§ **REQUIREMENT**
What is wanted is every line below from the one with "Fig. 2: AutoEXEC" up to and including the one with "Gambar 3. Tunas", retyped exactly, pictures excluded, nothing else.

Collected data:
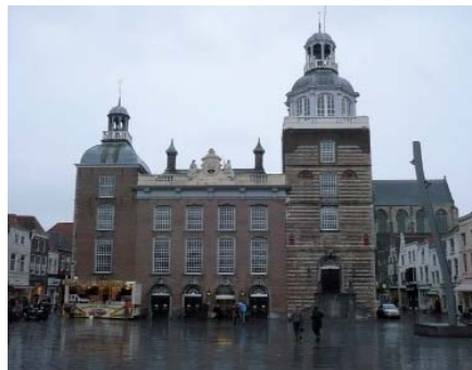
Stadhuis en Grote Kerk gezien vanaf de Oprit

Aan uw linkerzijde ziet u de Turfkade met het Gotische Huis, ook wel het Karel V huis genoemd. Het huis heeft een fraaie trapgevel, het is ge-
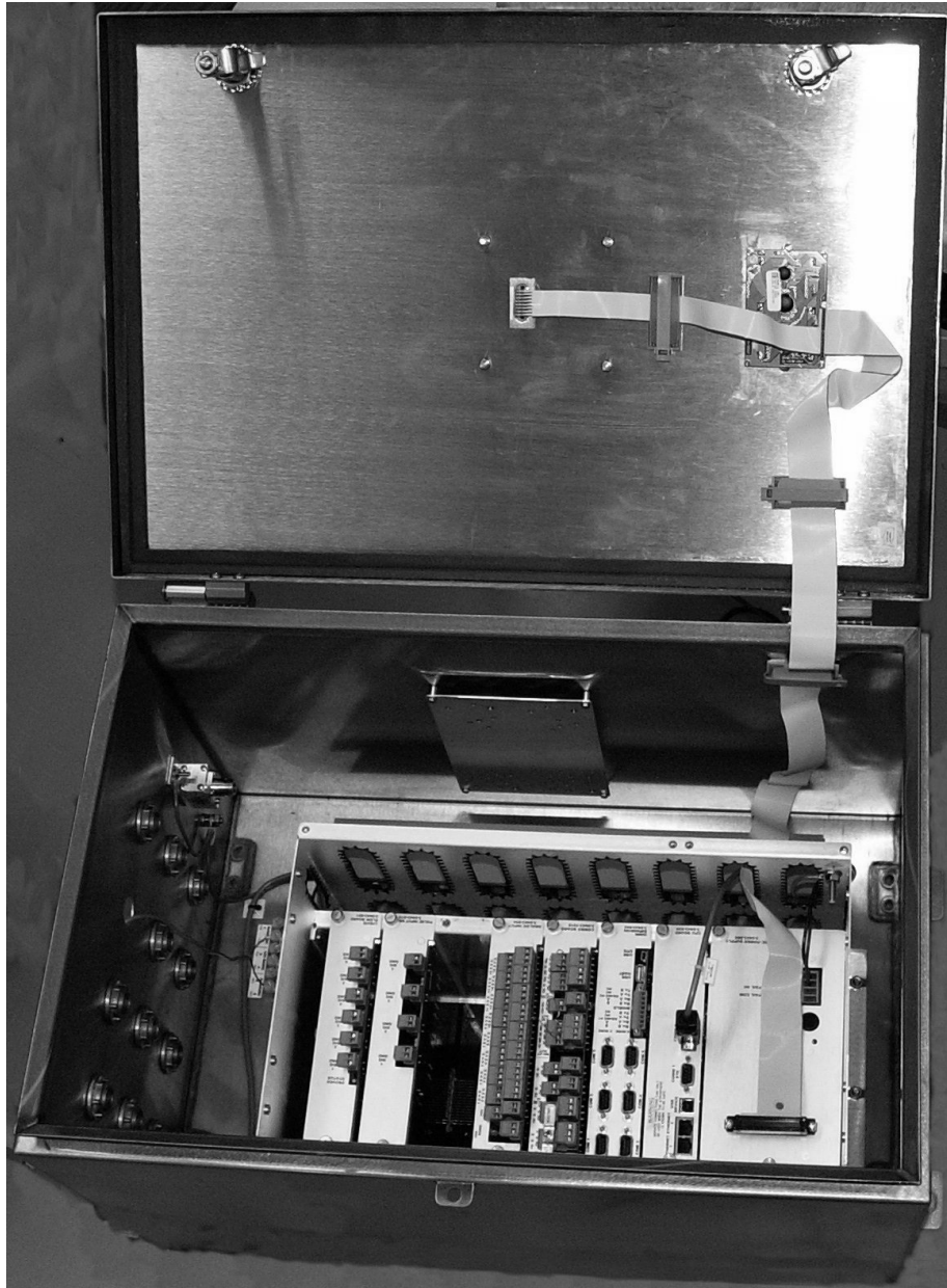
Fig. 2: AutoEXEC (internal view) / (vue de l'intérieur)
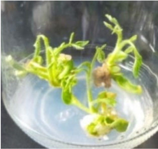
Gambar 3. Tunas pada perlakuan B2A3E1 (BAP 2 mg L -1 + IAA 0.3 mg L -1 + kotiledon) umur 60 HSI

sitokinin (Mayrendra et al. , 2022). Pembentukan akar tersebut terjadi karena adanya pergerakan auksin dari pusat sintesa auksin (tunas) menuju bagian bawah tanaman. Rooting cofactor dan karbohidrat yang terdapat pada tanaman akan berkumpul dengan auksin (NAA) di daerah pelukaan eksplan, kemudian mendorong sel-sel membentuk akar melalui proses diferensiasi sel.

§ **ANSWER AREA**
Fig. 2: AutoEXEC (internal view) / (vue de l'intérieur)
Gambar 3. Tunas pada perlakuan B2A3E1 (BAP 2 mg L -1 + IAA 0.3 mg L -1 + kotiledon) umur 60 HSI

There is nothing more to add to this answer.